The first citrus grove was planted by Zalman Minkov in 1904. Minkov's grove, surrounded by a wall, included a guard house, stables, a packing plant, and an irrigation system in which groundwater was pumped from a large well in the inner courtyard. The well was 23 meters deep, the height of an eight-story building, and over six meters in diameter. The water was channeled via an aqueduct to an irrigation pool, and from there to a network of ditches dug around the bases of the trees.

The Great Synagogue of Rehovot was established in 1903, during the First Aliyah period.

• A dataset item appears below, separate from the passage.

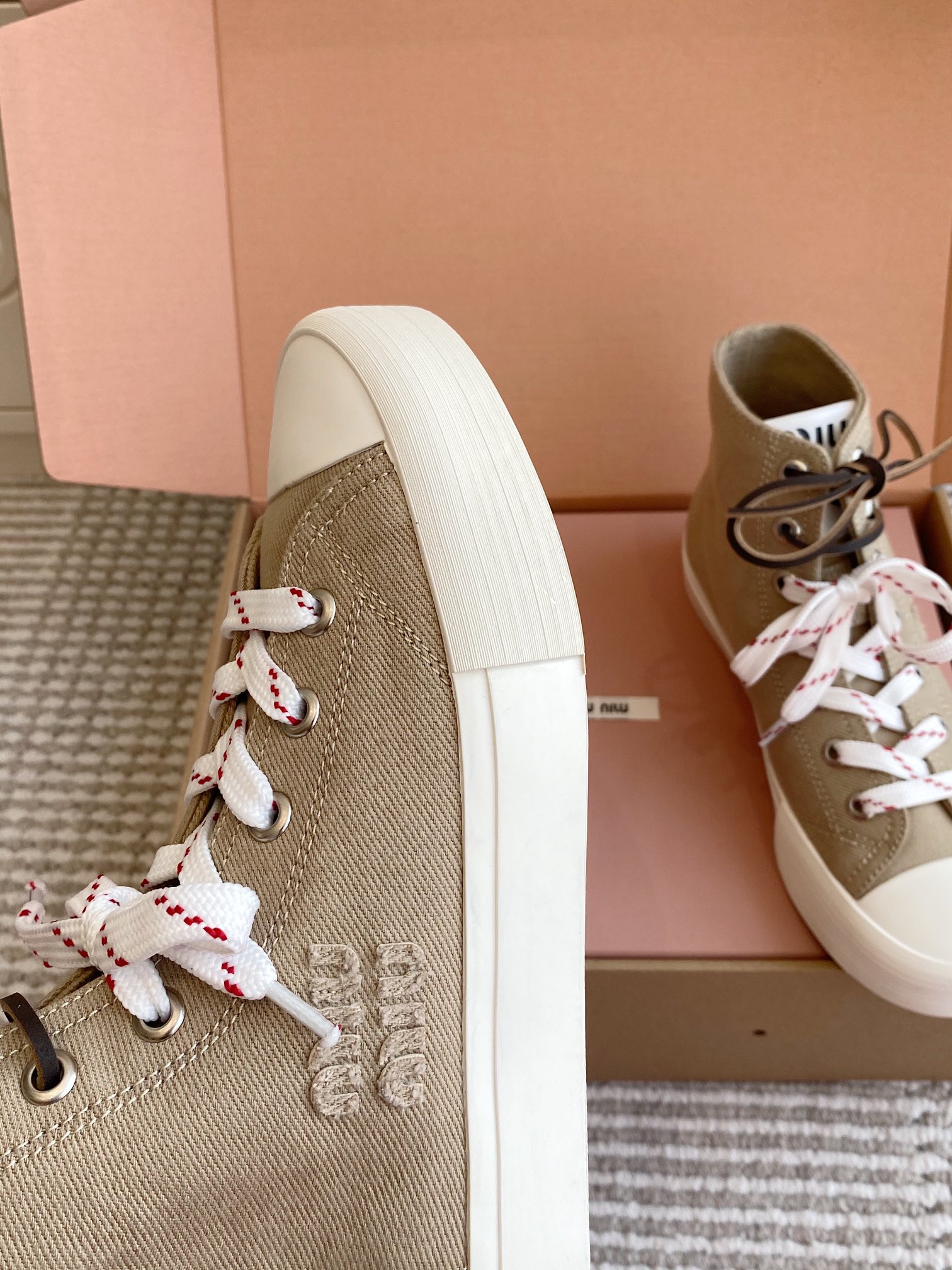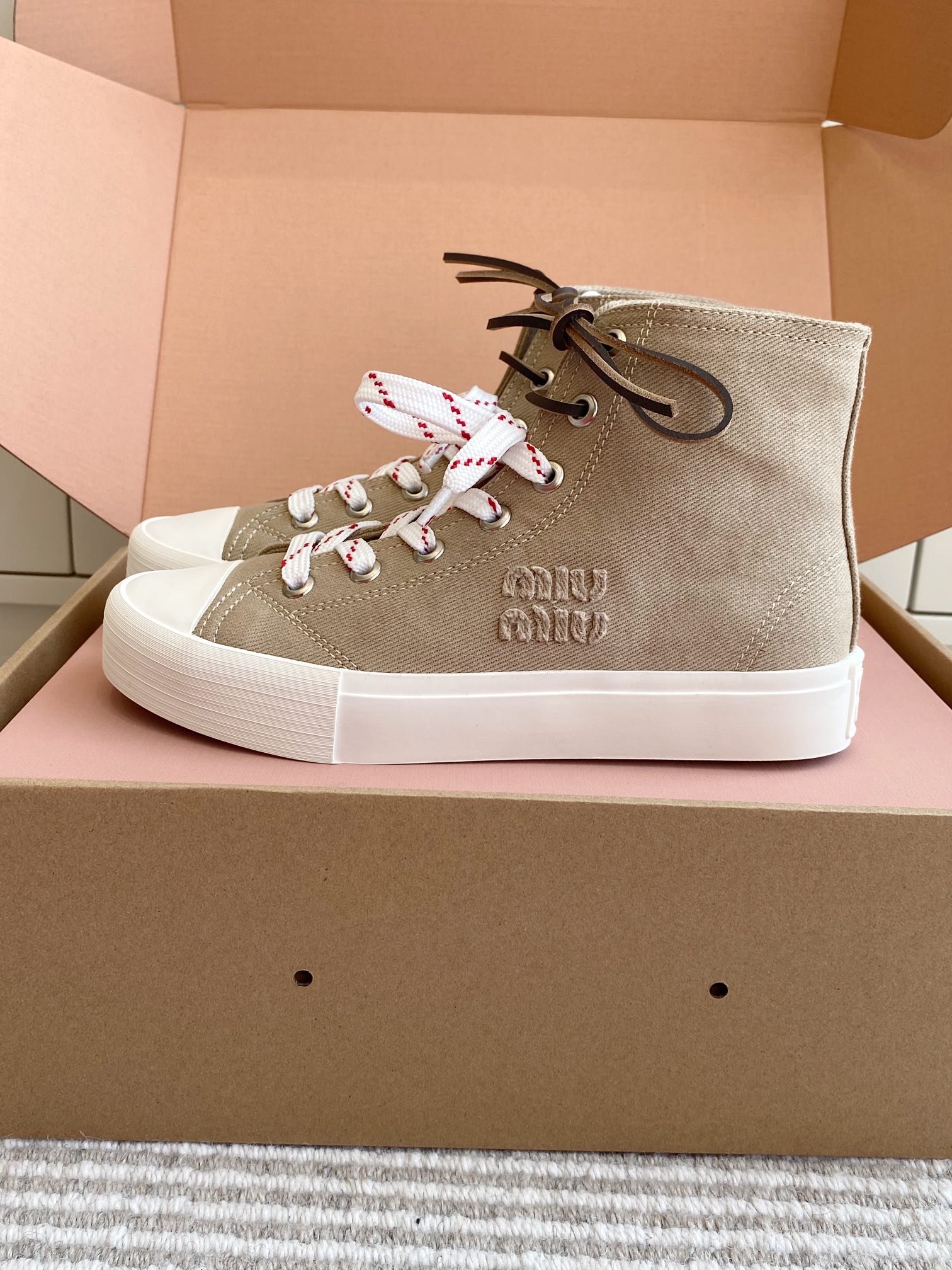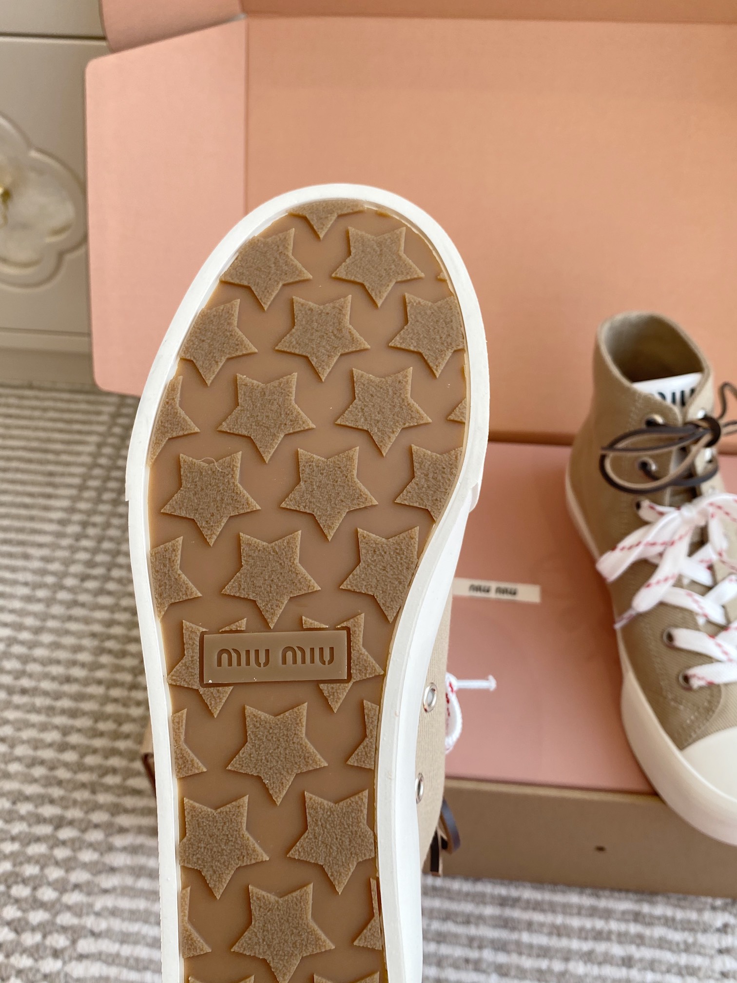 這款鞋子是AAAAA 1:1 質量(非常棒). 使用了和原版一模一樣的材料. 商標部分也保持了和繆繆/Miu Miu一樣. 圖片拍攝是實物鞋子拍攝, 您所收到的實物保證和我們圖片一模一樣.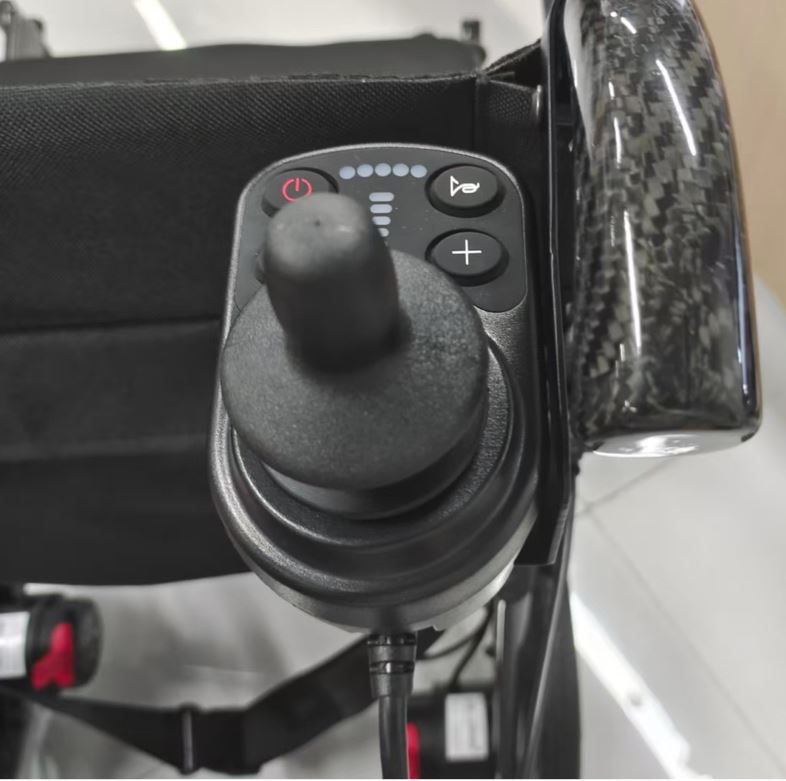 Attendant Bracket for Drive Aerocarbon Powerchair, to enable a carer to control the chair. Remove joystick from armrest mount and affix to bracket mounted to handle bar, see image.

In 1908, the Workman's Union (Hapoel Hazair) organized a group of 300 Yemenite immigrants then living in the region of Jerusalem and Jaffa, bringing them to work as farmers in the colonies of Rishon-le-Zion and Rehovot. Only a few dozen Yemenite families had settled in Rehovot by 1908. They built houses for themselves in a plot given to them at the south end of the town, which became known as Sha'araim. In 1910, Shmuel Warshawsky, with the secret support of the JNF, was sent to Yemen to recruit more agricultural laborers. Hundreds arrived starting in 1911 and were housed first in a compound one kilometre south of Rehovot and then in a large extension of the Sha'araim quarter.

The second Zarnuqa incident, that took place in July 1913 between the colonists and guards of Rehovot, and the Arab rural population, is considered by historians as a milestone in Zionist–Arab relations in late Ottoman Palestine. The incident, which started over simple accusation of theft of grapes from a Jewish-owned vineyard, became much more than a local incident, left one Arab and two Jews dead and resulted in tremendous hostility between the two sides. There are various narratives available to researchers today, including Jewish, Arabic sources and external sources. It is difficult to determine whose narrative is closer to historical reality, or to find out who started the fight and who is to be blamed. This incident illustrates the difficult task facing historians in analyzing the late Ottoman Palestine, the period of the early Zionist–Arab encounter and conflict. It is alleged that this was the moment when a previously peaceful co-existence among Jews and Arabs, united under the Ottoman Empire, instantly became an "us vs. them" divisiveness that has prevailed ever since.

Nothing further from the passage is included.